Both in igraph and networkD3, the node-placement/ layout algorithms are ‘force-directed’ this is to say that there is an automatic repulsion between each node and yet the edges that exist between them cause an attractive force. The stronger the edges between a pair of nodes, the more closely that pair is placed together and this promotes the clustering of closely interacting nodes. However the selection is defaulted to ‘layout.auto’- a command that selects the optimal of three algorithm choices based on the number of nodes.
Using the package ‘networkD3’ an interactive network is made from the igraph data and stored in a HTML file, saved using the "Save interactive graph" button and the page will be saved to the working directory.
The node labels are on permanent display and the user can zoom in and investigate particular nodes. Again node-sizes are in accordance with the number of edges that a node has. The opacity of the nodes is set such that both the node labels and the nodes themselves are simultaneously visible.
To relate the assigned modules to one another, a final round of clustering is applied to the Eigengenes that summarise the expression data of each cluster and this gives a measure of how related the modules are amongst each other. This can be compared to both the module-identifying dendogram and the network where module colours that are positioned closely will be shown to have close relation in this dendogram.
Part A: displays a portion of the HTML output of the networkD3 package (as mentioned above in “Step 7”, a legend is necessary to translate the independent networD3 coloring-scheme to that of WGCNA).
Part B: shows the hierarchical clustering of the corresponding Module-Eigengene values to show which are the most closely related. The red arrows illustrate how (as mentioned in “Step 8 “) the node-placement of networkD3 concurs with the clustering of the Eigengene-values in showing that the brown and green modules are the most closely interacting.
A table was displayed below the igraph output and it documents the nodes of the highest degree of betweeness and the module that the concerned node resides in.
To give the user an illustration of the distribution of the strength of the connections between nodes and allows them to selectively eliminate nodes that fall below a particular connectedness and observe the changes in the graph.
#sample data supplied in 'info_final.txt' To upload an external-information file the style of row names must be common to that of the initially puloaded file. The rows can have been subjected to rearrangement between each file.
After a network has been inferred, it is possible to then upload another file that characterizes the row-samples from the initially uploaded file.
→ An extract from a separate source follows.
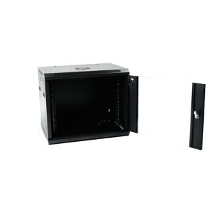 Armadio rack a parete, fino a 9U rack da 19", fino a 100 Kg di carico, con ventilazione e passacavi. Profondità 600mm. Fabbricato in acciaio SPCC. Colore nero. Dimensioni interne: 400 x 465 x 600 mm (HxLxP).
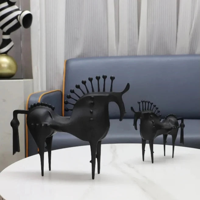 Upgrade up your living or working space with the ArtZ® Abstract Horse Metal Sculpture. This charming creation is bound to catch attention and infuse a sprinkle of refinement and charm into any setting.

Such characterizations are in the form of numeric metrics on phenotypes that were experimentally measured in each of the taken samples when the data were being generated.
Initially a single traits correlation can be measured with respect to each module-Eigengene to find significant relationships on an individual level.
Subsequently if the uploaded sample-characterizing has more than one column i.e. a measure for more than one phenotype on each of the sample rows, then multiple columns can be selected and a Heatmap will be rendered documenting the correlation and accompanying P-value of each trait and each module Eigengene.
The time taken for this pipeline to output results is stratified according to the following file-sizes: <1 MB- 2minutes, <4 MB- 3minutes, <8 MB- 5minutes and <12 MB- 8 minutes.